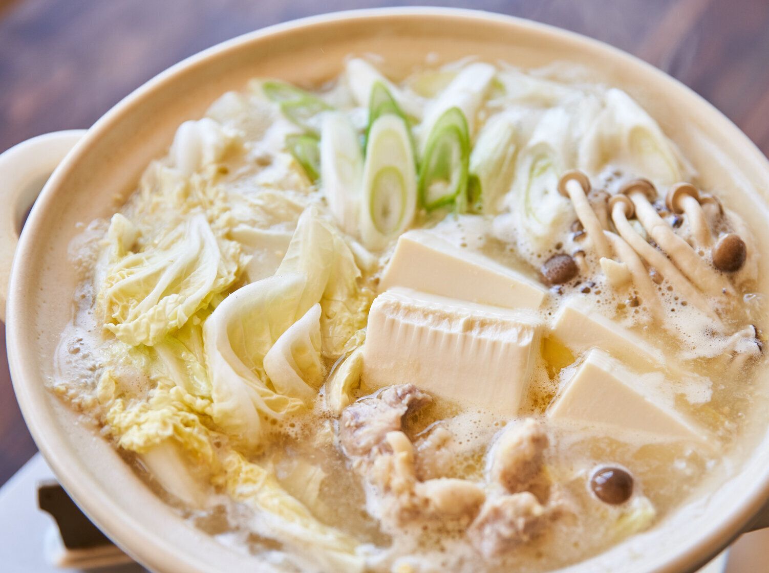 発酵パワーでエネルギーが湧いてきそうな、しょうがたっぷり、温活発酵鍋。しめじは1袋、そのほか野菜やお肉、豆腐も入って、バランスよく食べやすいのもポイントです。お好みの調味料や薬味を添えてもおいしそうですね。
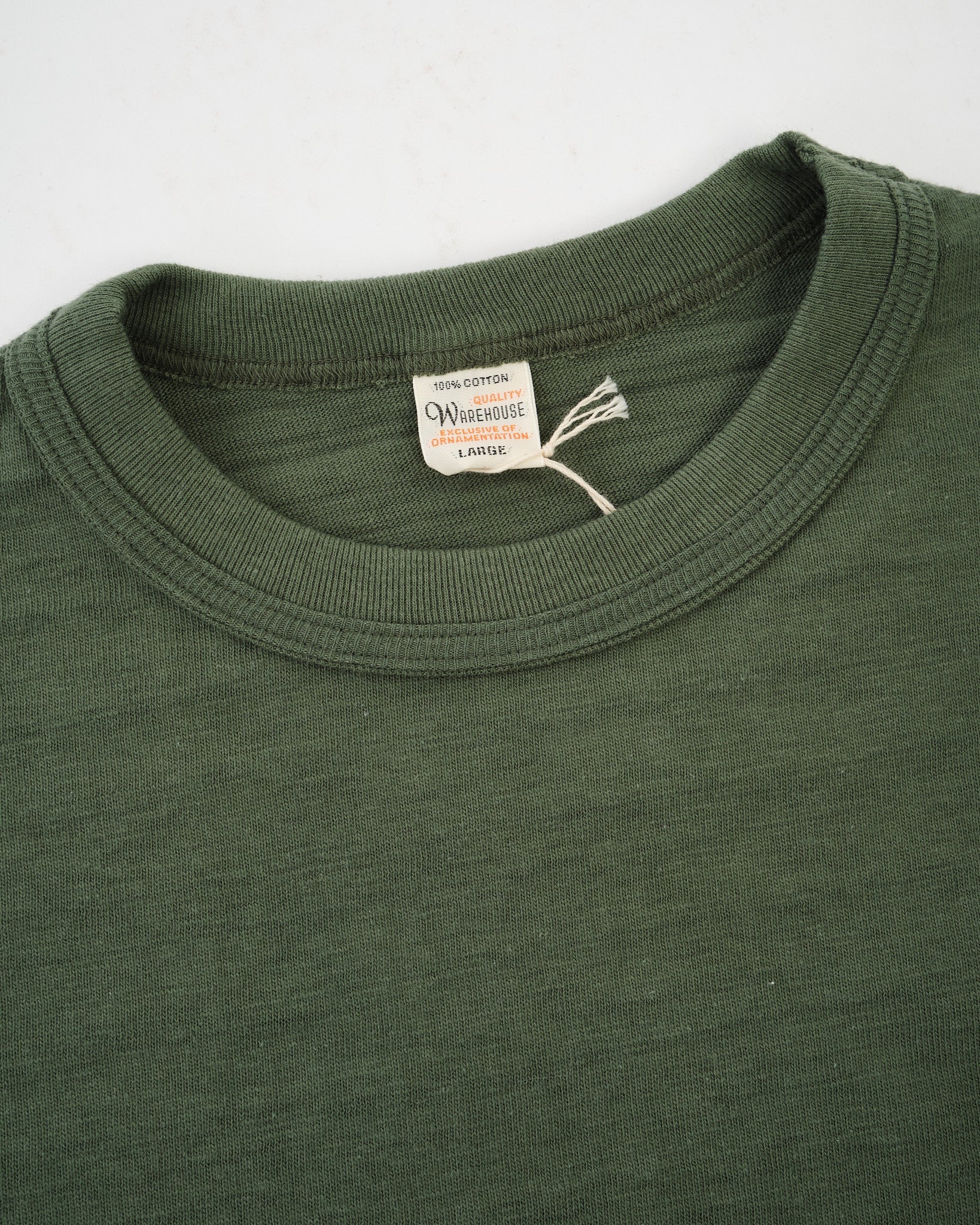 WAREHOUSE Lot 4601 T-paita vihreänä on ajaton välttämättömyys, joka on valmistettu premium-luokan nukkaantuneesta puuvillasta. Sen pehmeän tuntuman ja mukavan istuvuuden ansiosta tämä yksivärinen t-paita ilmentää vintage-laatua ja jokapäiväistä monikäyttöisyyttä. Olipa se sitten aluskerroksena tai sellaisenaan käytettynä, se tarjoaa sekä kestävyyttä että klassista tyyliä. Pakollinen perusvaate jokaiseen vaatekaappiin.
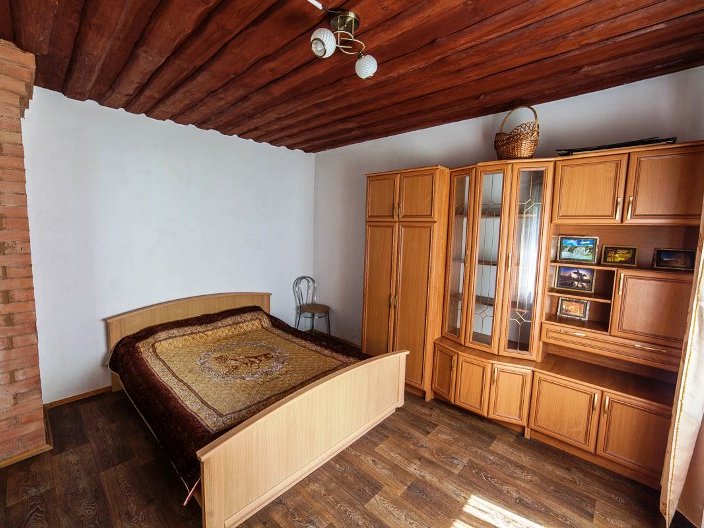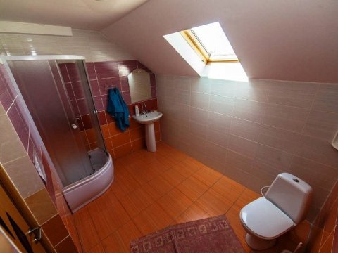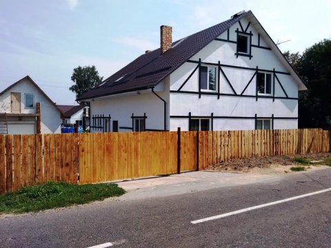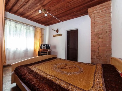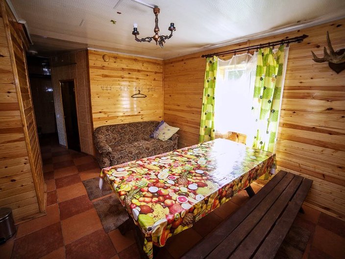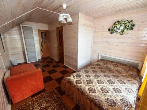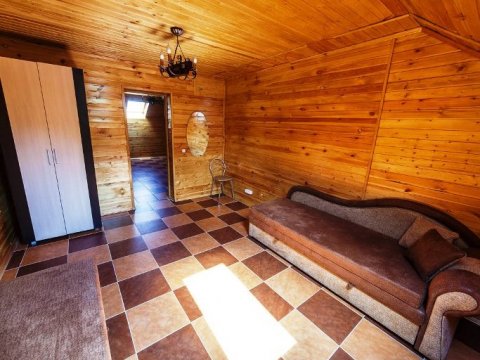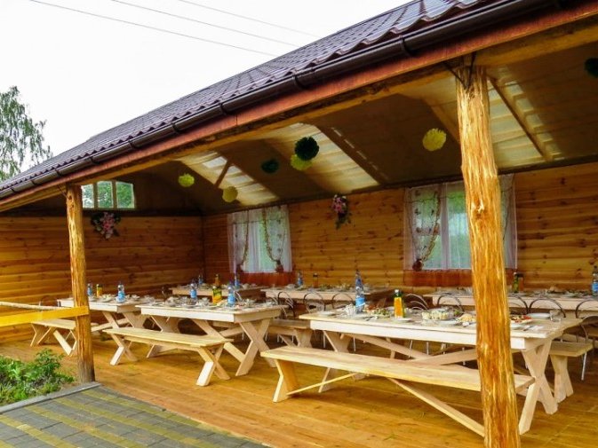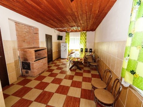 Первая зона отдыха усадьбы - большой 2-ух этажный дом с банкетным залом на 60-70 человек. Дом располагает 14-ю спальными местами (3 спальни), просторной кухней с печью, 4-мя санузлами и 2-мя душами. На территории коттеджа на сутки разбит фруктовый сад и обустроена терраса с местом для приготовления шашлыка. Все принадлежности для этого предоставляются, вам необходимо лишь позаботиться об углях.
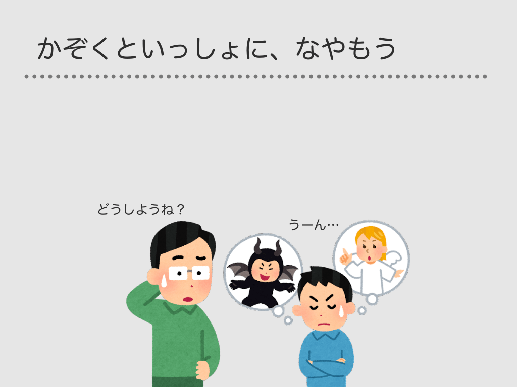 #55. かぞくといっしょに、なやもう どうしようね? うーん…

- _Task requirements_: The listing must be returned in full and exactly, apart from its pictures.

- _Written response_:
 発酵パワーでエネルギーが湧いてきそうな、しょうがたっぷり、温活発酵鍋。しめじは1袋、そのほか野菜やお肉、豆腐も入って、バランスよく食べやすいのもポイントです。お好みの調味料や薬味を添えてもおいしそうですね。
 WAREHOUSE Lot 4601 T-paita vihreänä on ajaton välttämättömyys, joka on valmistettu premium-luokan nukkaantuneesta puuvillasta. Sen pehmeän tuntuman ja mukavan istuvuuden ansiosta tämä yksivärinen t-paita ilmentää vintage-laatua ja jokapäiväistä monikäyttöisyyttä. Olipa se sitten aluskerroksena tai sellaisenaan käytettynä, se tarjoaa sekä kestävyyttä että klassista tyyliä. Pakollinen perusvaate jokaiseen vaatekaappiin.
 Первая зона отдыха усадьбы - большой 2-ух этажный дом с банкетным залом на 60-70 человек. Дом располагает 14-ю спальными местами (3 спальни), просторной кухней с печью, 4-мя санузлами и 2-мя душами. На территории коттеджа на сутки разбит фруктовый сад и обустроена терраса с местом для приготовления шашлыка. Все принадлежности для этого предоставляются, вам необходимо лишь позаботиться об углях.
 #55. かぞくといっしょに、なやもう どうしようね? うーん…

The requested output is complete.